_What is expected_
Your response is a verbatim copy of the listing, stripped of its images.

Supplied information below:

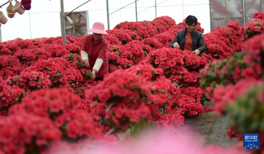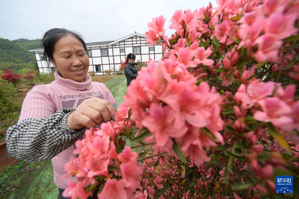 4月18日,村民在桐梓縣婁山關(guān)街道杉坪村黔北花海景區(qū)杜鵑花種植基地勞作。
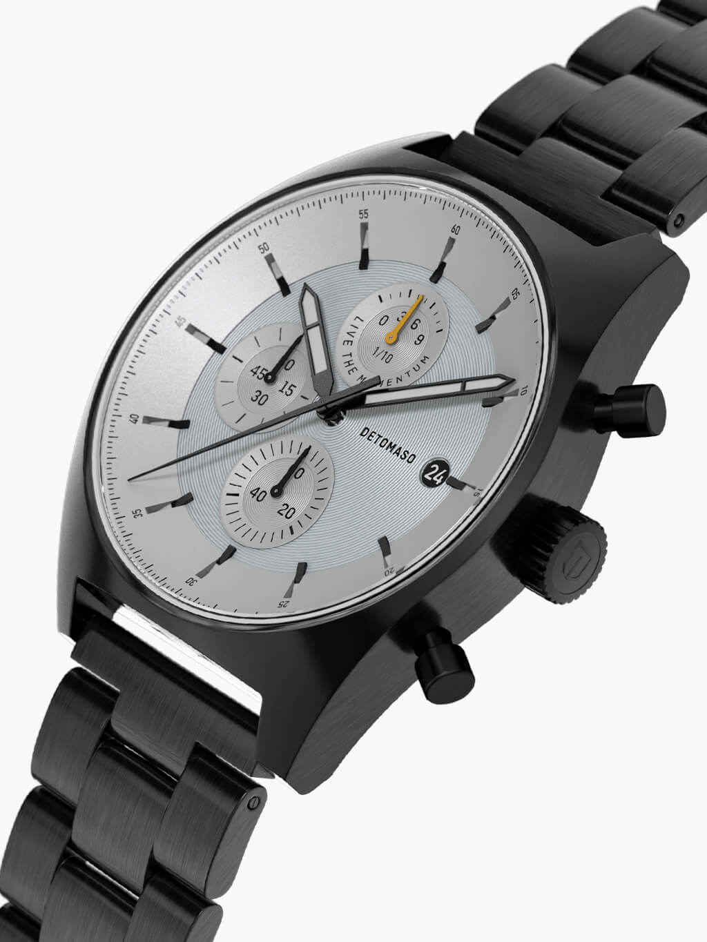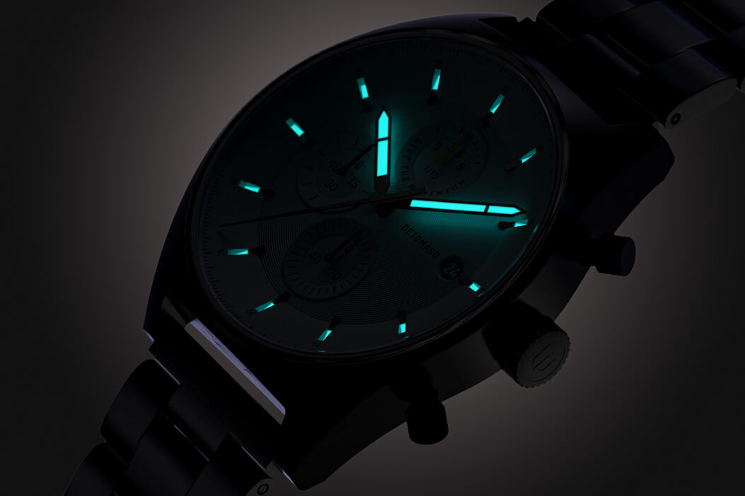 A highlight of the D10 CHRONOGRAPH becomes truly visible in the dark. The hour and minute hands are coated with Superluminova. In the dark, these elements begin to glow – allowing you to read the time at a glance, even at night.
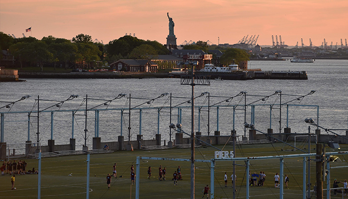 En Brooklyn (Nueva York), los partidos se juegan junto al río, con la Estatua de la Libertad de fondo.

End of Supplied information.

_Response to this exercise_
 4月18日,村民在桐梓縣婁山關(guān)街道杉坪村黔北花海景區(qū)杜鵑花種植基地勞作。
 A highlight of the D10 CHRONOGRAPH becomes truly visible in the dark. The hour and minute hands are coated with Superluminova. In the dark, these elements begin to glow – allowing you to read the time at a glance, even at night.
 En Brooklyn (Nueva York), los partidos se juegan junto al río, con la Estatua de la Libertad de fondo.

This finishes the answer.